Peter relished the excitement that the SpaceShipOne unveiling had brought. As he watched planes take off and land on Santa Monica’s 4,973-foot runway 21, he was reminded that SpaceShipOne was as small as a private plane. He pictured it being pulled out of a hangar, rolled out onto the runway, and flying off to space. That was his dream—spaceships for personal use.

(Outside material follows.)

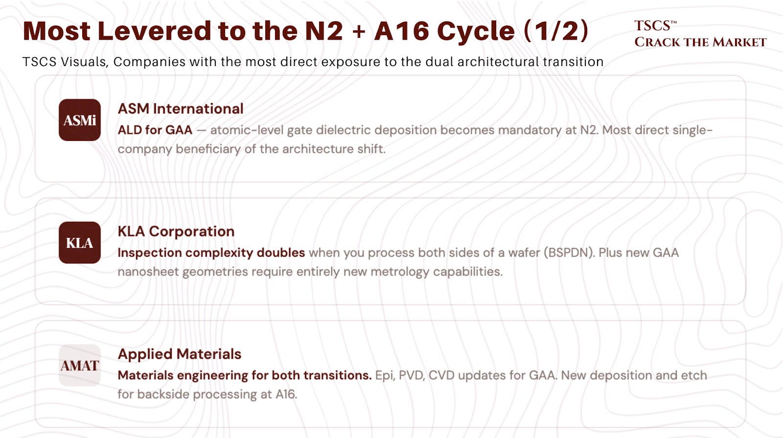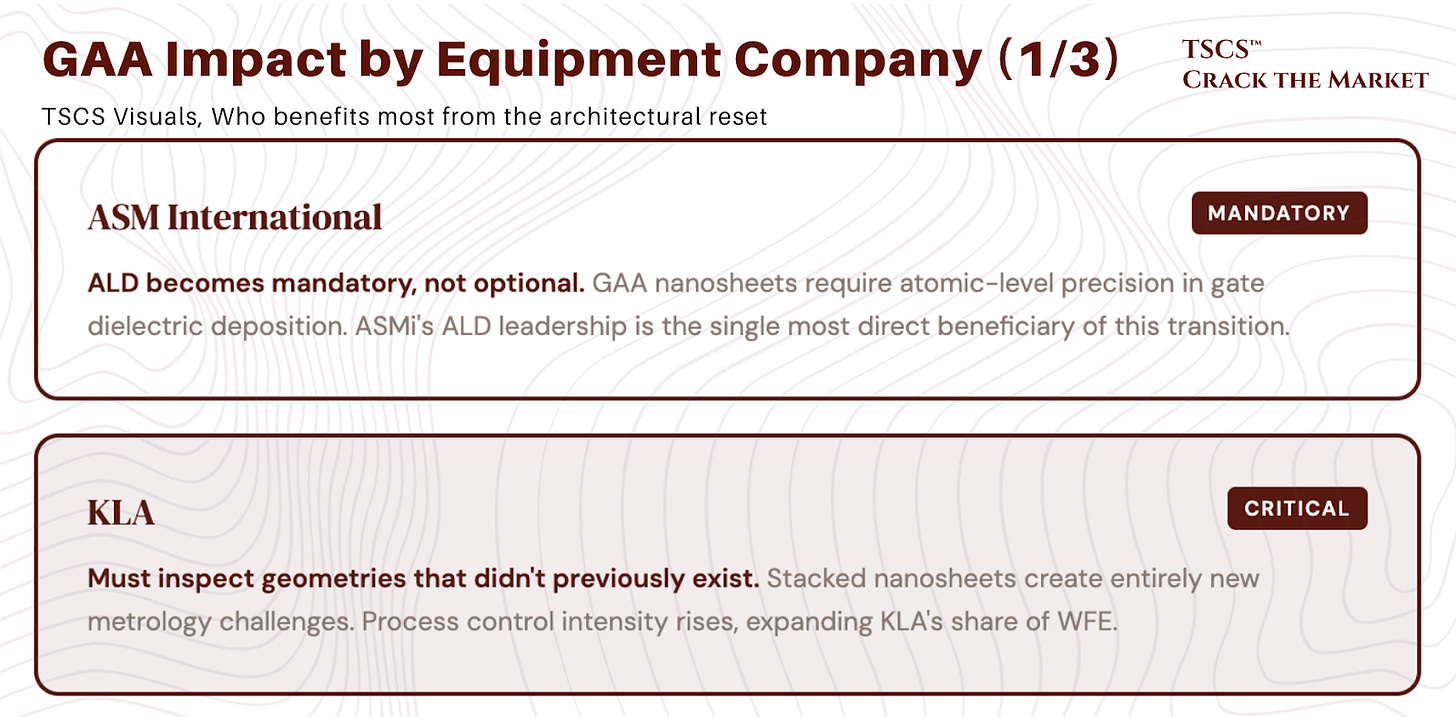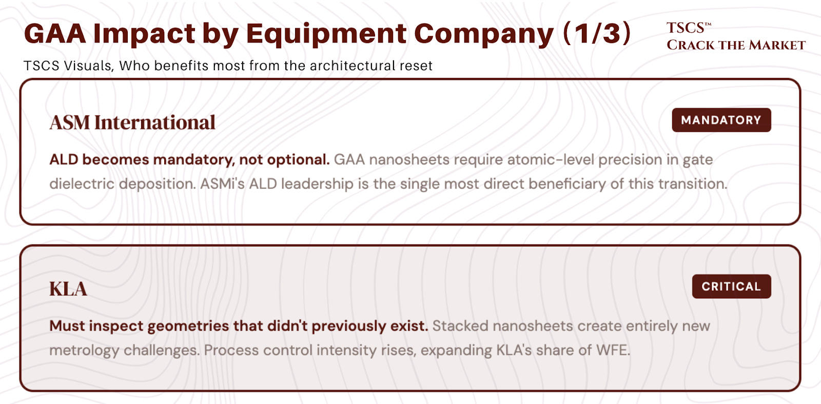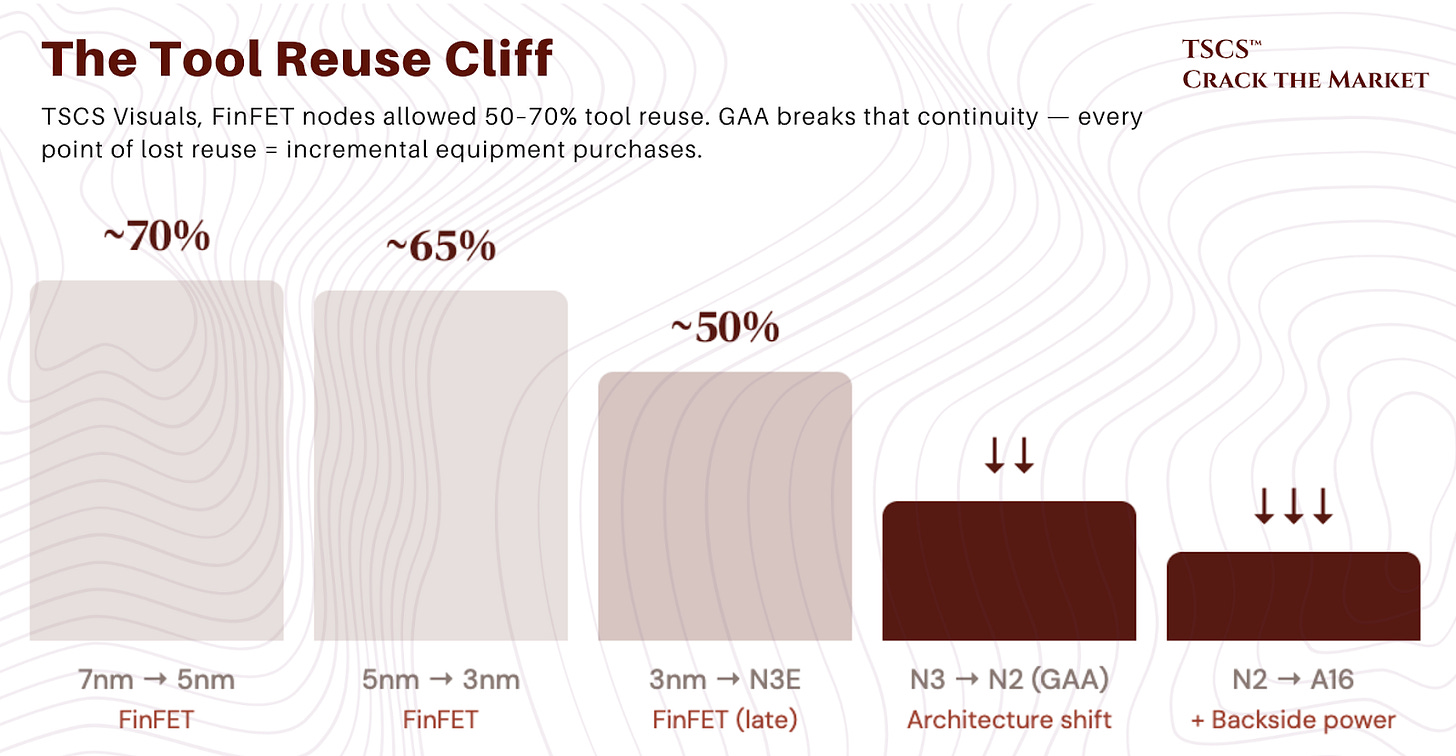 TSCS view: The FinFET-to-GAA transition is, for semicap investors, the most important technology event since EUV insertion at 7nm. Here is why. FinFET nodes (7nm through 3nm) used essentially the same transistor architecture, which allowed 50 to 70% tool reuse between generations. GAA breaks that continuity. New deposition techniques (ASMi’s ALD becomes mandatory, not optional). New etch profiles (Lam and TEL must cut through nanosheet stacks rather than fins). New metrology requirements (KLA must inspect geometries that did not previously exist). New materials. The tool reuse rate at N2 drops substantially, and every percentage point of lost reuse translates directly into incremental equipment purchases. This is why we flagged the tool reuse cliff earlier in this piece. The GAA transition is the mechanism.

As if on cue, in walked Elon Musk. Since meeting Peter shortly after the demise of Blastoff, Musk had set out on his own quest for space, motivated by the question: if one was to make a rocket, what would be the best choices to make it cost effective? Ressi and Musk had gone to Russia in 2001 to try to buy rockets, only to find a sort of criminal-filled Wild West, where missiles of any sort could be had for the right amount of cash. The Russians got them drunk on vodka, and by their next visit, the price of the rockets had tripled. Ressi had kept one of the vodka bottles that their Russian hosts had made for them, complete with a logo featuring Ressi, Musk, and a palm tree on Mars.
Ressi and others had tried to talk Musk out of starting a rocket company. Ressi reminded him that there had been “a long line of rich guys who had lost fortunes on space.” He and Peter and a handful of others had shown him clip after clip of rockets blowing up. For Peter, the reason was simple. He told him, “Building rockets is hard. Most people fail. A better mechanism is to fund the XPRIZE.” Ressi told Musk, “Dude, don’t do it. Don’t do it. Don’t do it.” Musk responded, “I’m going to do it.”
In June 2002, around his thirty-first birthday, Musk started his own company called SpaceX. His dealings with the Russians had convinced him that he should build his own engines, rocket structures, and capsules. His first launch vehicle would be the Falcon, a two-stage, liquid oxygen and kerosene–powered rocket, named after the Star Wars Millennium Falcon. He was hoping to launch by the end of the year.
Musk was impressed by what the XPRIZE was trying to do and saw how it was getting the general public excited about space again. He liked Burt’s idea for the feather, saying he thought it was a good solution for suborbital flight. “It’s something that only works for suborbital,” he said. “It won’t work for orbital.”
Ressi, looking at Musk, playfully raised the possibility of certain well-funded “secret teams” entering the XPRIZE race at the last minute. Talk turned to Amazon founder Jeff Bezos, who was also getting into the space field and had a new, under-the-radar company called Blue Origin, headquartered in Seattle in a one-story warehouse—its windows covered in blue paper.
Soon, the discussion at the dinner table turned to the Columbia shuttle disaster and the national outpouring of grief. Elon remarked that it had shown him just how much people still cared about space and admired their astronauts. There was a feeling among the group that night that they had arrived at an unexpected moment in history. NASA had grounded manned flights, but because of the XPRIZE—and because of entrepreneurs including Elon—the prospects for getting humans off planet had never looked better.
Peter listened to the animated chatter. He looked at the daring group around him and thought of the morning in Mojave with Burt. There were teams building rockets in backyards, rice fields, and deserts. They were willing to risk everything, from ridicule and debt to their personal safety. They were modern-day explorers who shunned federal sponsors. Peter knew there would be errors of illusion and assumption. There would be imperfect starts and certain failure. But this moment felt as real to him as anything before. A changing of the guard. A new beginning. Hypergolic—that’s how it felt. Parts coming together and igniting.